This is an automated email from the ASF dual-hosted git repository.
imbajin pushed a commit to branch main
in repository https://gitbox.apache.org/repos/asf/hugegraph-ai.git
The following commit(s) were added to refs/heads/main by this push:
new d36135db docs: add root agent guidance and refine LLM module rules
(#339)
d36135db is described below
commit d36135dbf4f0604effeff270da0f575e9f7d54e8
Author: imbajin <[email protected]>
AuthorDate: Wed May 20 10:51:05 2026 +0800
docs: add root agent guidance and refine LLM module rules (#339)
## Summary
- add root AGENTS.md with concise repo-wide AI agent guidance
- refactor hugegraph-llm/AGENTS.md into focused module rules
- emphasize sufficient and effective tests for code changes
---
AGENTS.md | 48 +++++++++++++++++++
hugegraph-llm/AGENTS.md | 125 +++++++++++++++++-------------------------------
2 files changed, 92 insertions(+), 81 deletions(-)
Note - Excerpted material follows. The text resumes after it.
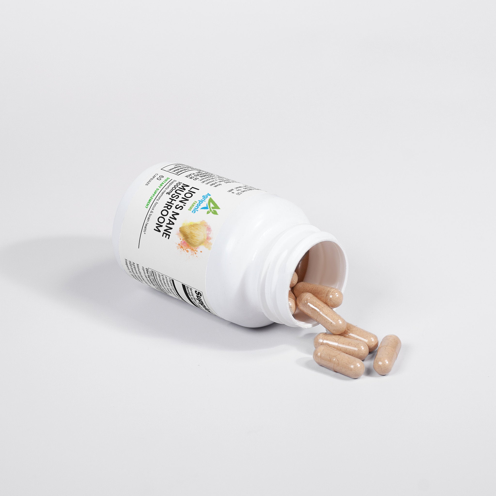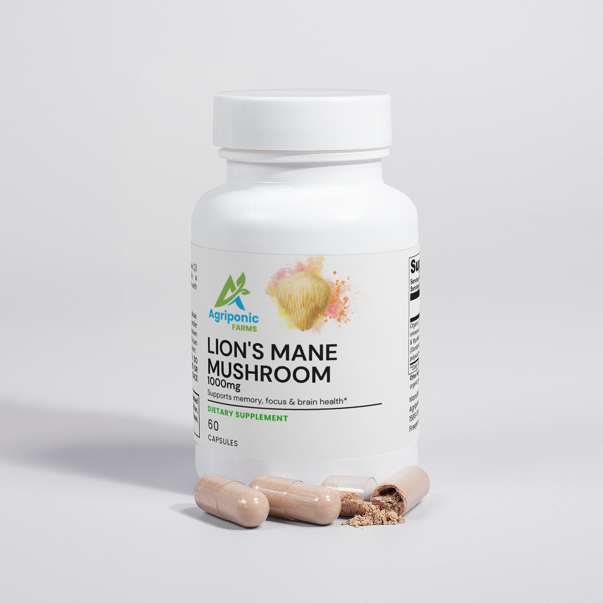 Ingredients: Organic Lion’s Mane (Hericum erinaceus) Mushroom Fruiting Body & Mycelium Powder (Standardized to 40% polysaccharides [400mg]), Organic capsule (pullulan, water), organic pea starch.

diff --git a/AGENTS.md b/AGENTS.md
new file mode 100644
index 00000000..0376b4e2
--- /dev/null
+++ b/AGENTS.md
@@ -0,0 +1,48 @@
+# AGENTS.md
+
+Guidance for AI agents working in this repository. Keep README content in
README files; keep this file focused on decisions agents commonly get wrong.
+
+## Stack & Modules
+
+- This is a Python `uv` workspace. Prefer root-level workspace commands unless
a module-specific file says otherwise.
+- `hugegraph-llm/` is the primary and most frequently changed module. When
editing or reviewing it, read `hugegraph-llm/AGENTS.md` first.
+- `hugegraph-python-client/` is a supporting dependency for HugeGraph access.
Change it only when the client contract itself must change, and verify
`hugegraph-llm` callers when you do.
+- Treat `hugegraph-ml/` and `vermeer-python-client/` as lower-frequency
modules. Do not expand changes into them without a direct reason.
+
+## Testing Expectations
+
+- Any code change must include sufficient and effective test coverage for the
changed behavior, regression risk, or failure path.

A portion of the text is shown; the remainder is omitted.